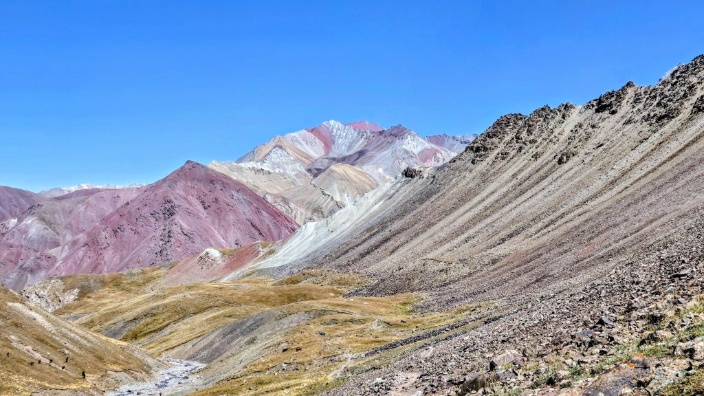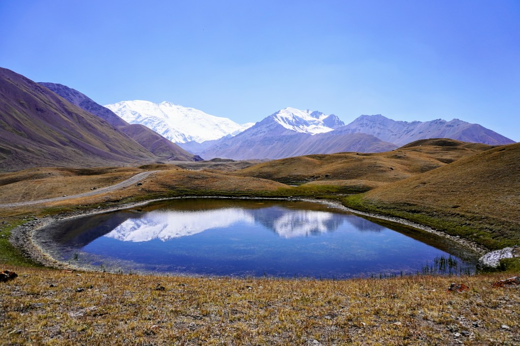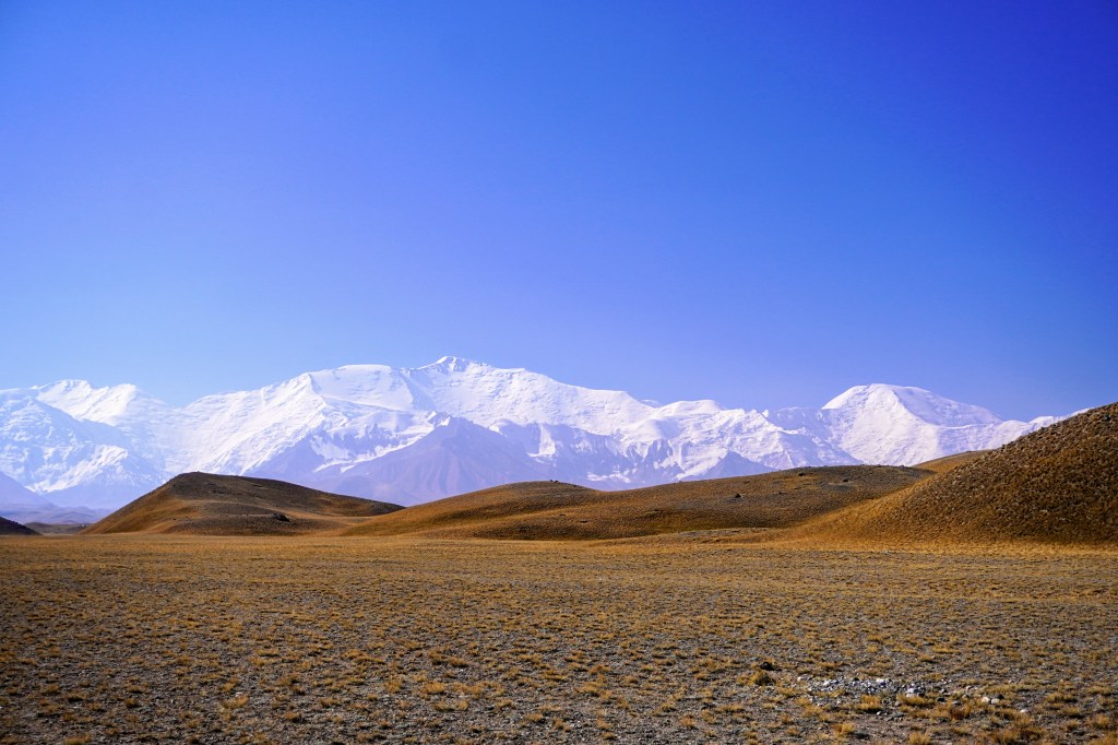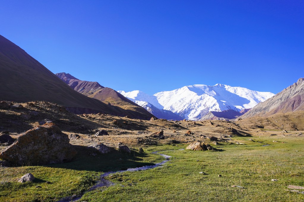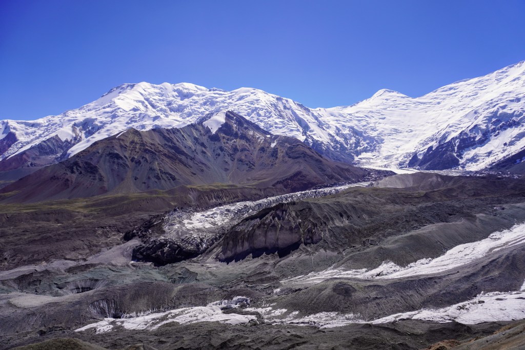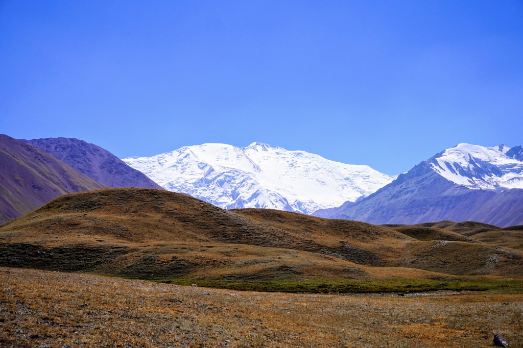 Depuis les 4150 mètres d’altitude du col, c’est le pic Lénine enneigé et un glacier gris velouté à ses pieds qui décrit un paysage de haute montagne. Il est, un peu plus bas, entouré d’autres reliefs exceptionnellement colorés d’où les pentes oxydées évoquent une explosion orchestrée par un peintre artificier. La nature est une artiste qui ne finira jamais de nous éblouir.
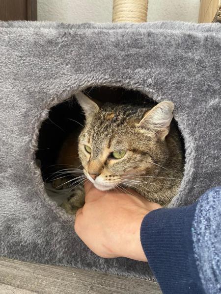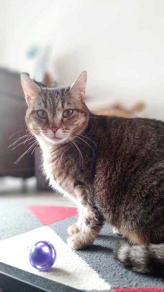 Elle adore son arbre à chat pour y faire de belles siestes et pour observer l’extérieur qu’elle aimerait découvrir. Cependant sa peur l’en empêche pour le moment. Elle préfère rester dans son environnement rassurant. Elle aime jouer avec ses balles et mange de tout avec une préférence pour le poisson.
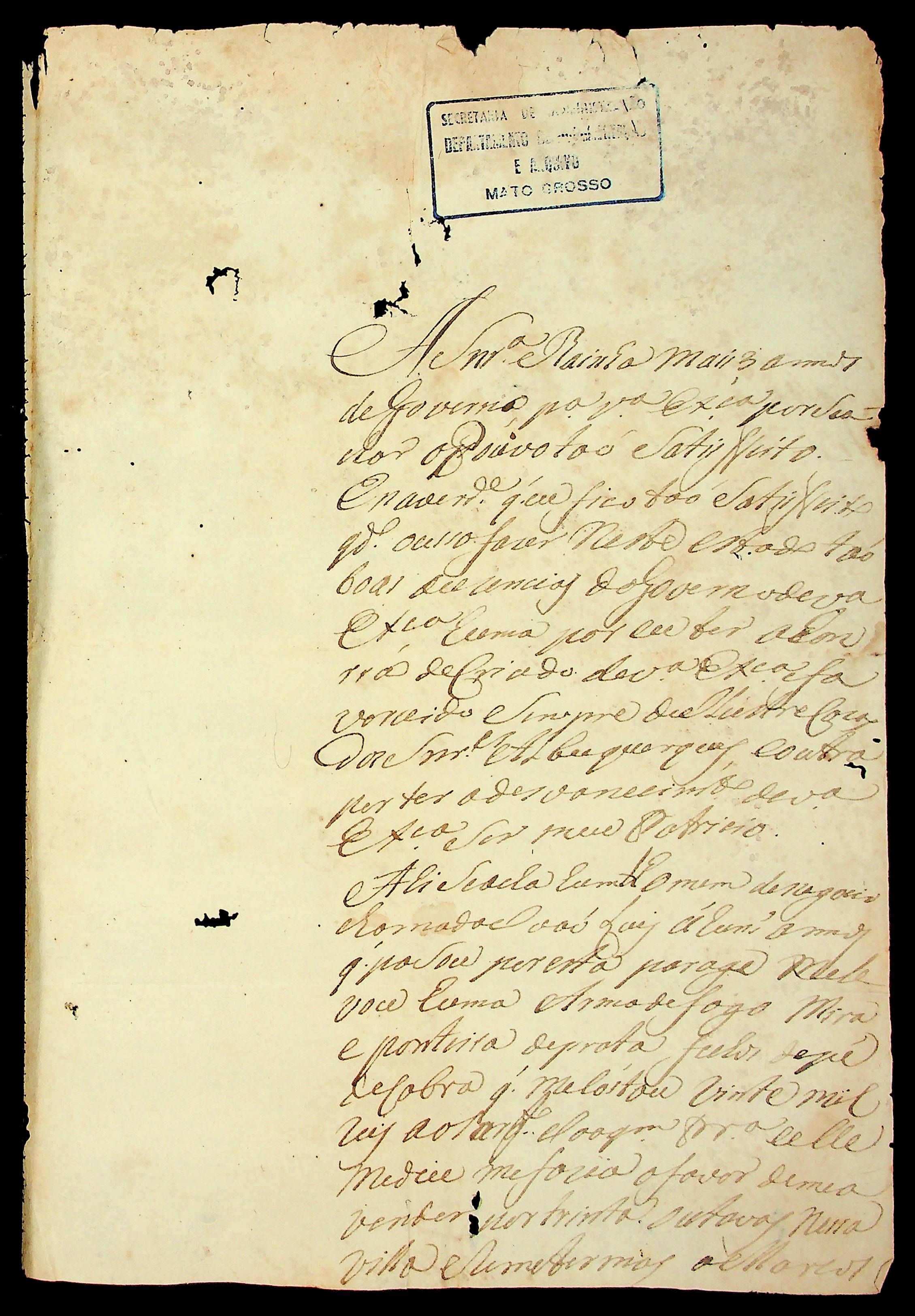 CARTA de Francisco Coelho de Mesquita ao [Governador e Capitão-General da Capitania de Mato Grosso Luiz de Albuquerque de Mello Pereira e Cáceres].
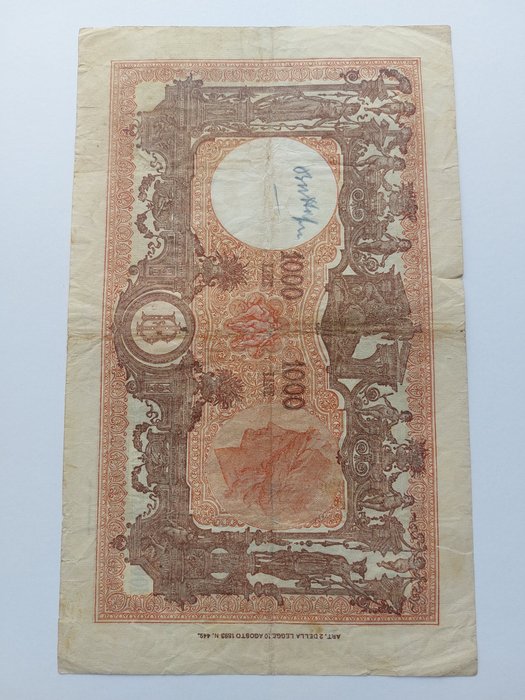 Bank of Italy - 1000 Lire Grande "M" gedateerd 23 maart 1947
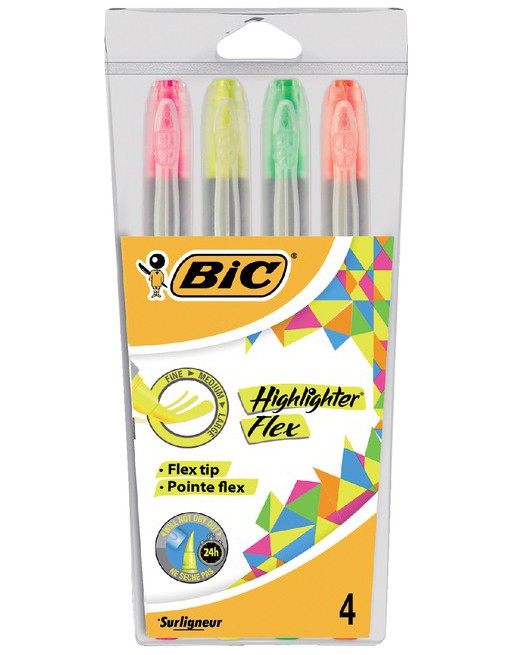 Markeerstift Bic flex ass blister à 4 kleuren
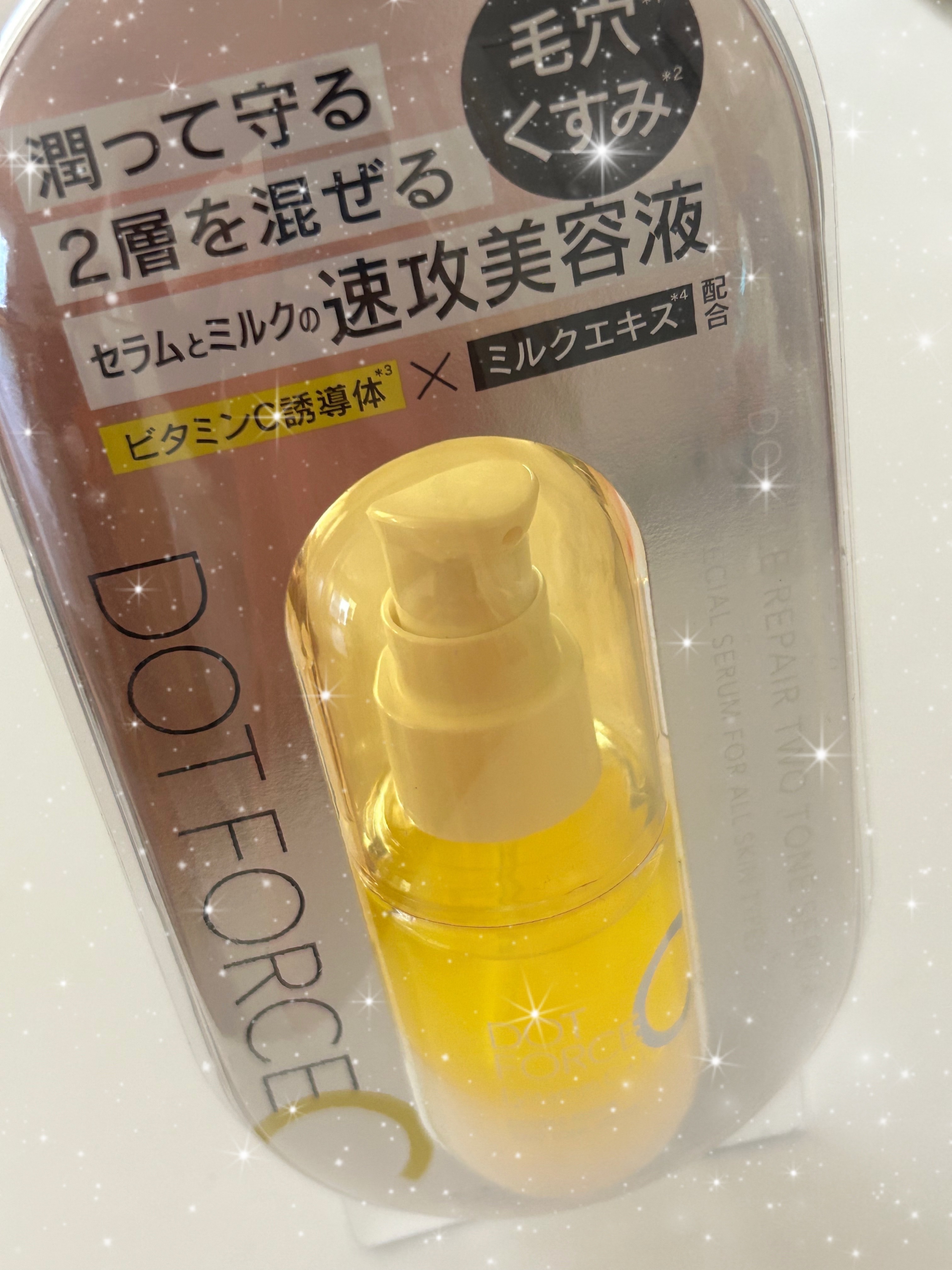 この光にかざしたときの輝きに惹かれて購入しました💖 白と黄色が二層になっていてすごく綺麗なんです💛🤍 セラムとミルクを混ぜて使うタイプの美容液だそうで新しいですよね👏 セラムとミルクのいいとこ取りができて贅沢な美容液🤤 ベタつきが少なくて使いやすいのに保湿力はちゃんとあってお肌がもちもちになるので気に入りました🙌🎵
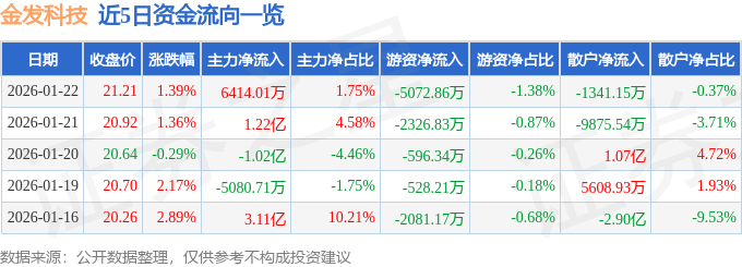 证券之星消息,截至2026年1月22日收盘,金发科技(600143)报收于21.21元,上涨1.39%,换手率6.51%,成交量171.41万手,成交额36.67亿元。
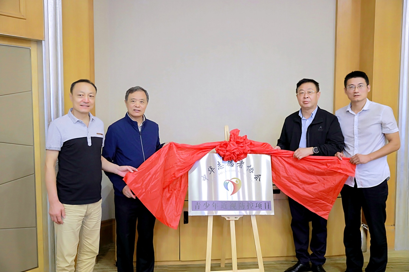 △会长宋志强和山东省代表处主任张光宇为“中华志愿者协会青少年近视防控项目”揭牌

◆ **Task prompt**:
Take the records above from their first line through the line with "Markeerstift Bic flex" and set those lines down word for word, minus the pictures.

◆ **Your response**:
 Depuis les 4150 mètres d’altitude du col, c’est le pic Lénine enneigé et un glacier gris velouté à ses pieds qui décrit un paysage de haute montagne. Il est, un peu plus bas, entouré d’autres reliefs exceptionnellement colorés d’où les pentes oxydées évoquent une explosion orchestrée par un peintre artificier. La nature est une artiste qui ne finira jamais de nous éblouir.
 Elle adore son arbre à chat pour y faire de belles siestes et pour observer l’extérieur qu’elle aimerait découvrir. Cependant sa peur l’en empêche pour le moment. Elle préfère rester dans son environnement rassurant. Elle aime jouer avec ses balles et mange de tout avec une préférence pour le poisson.
 CARTA de Francisco Coelho de Mesquita ao [Governador e Capitão-General da Capitania de Mato Grosso Luiz de Albuquerque de Mello Pereira e Cáceres].
 Bank of Italy - 1000 Lire Grande "M" gedateerd 23 maart 1947
 Markeerstift Bic flex ass blister à 4 kleuren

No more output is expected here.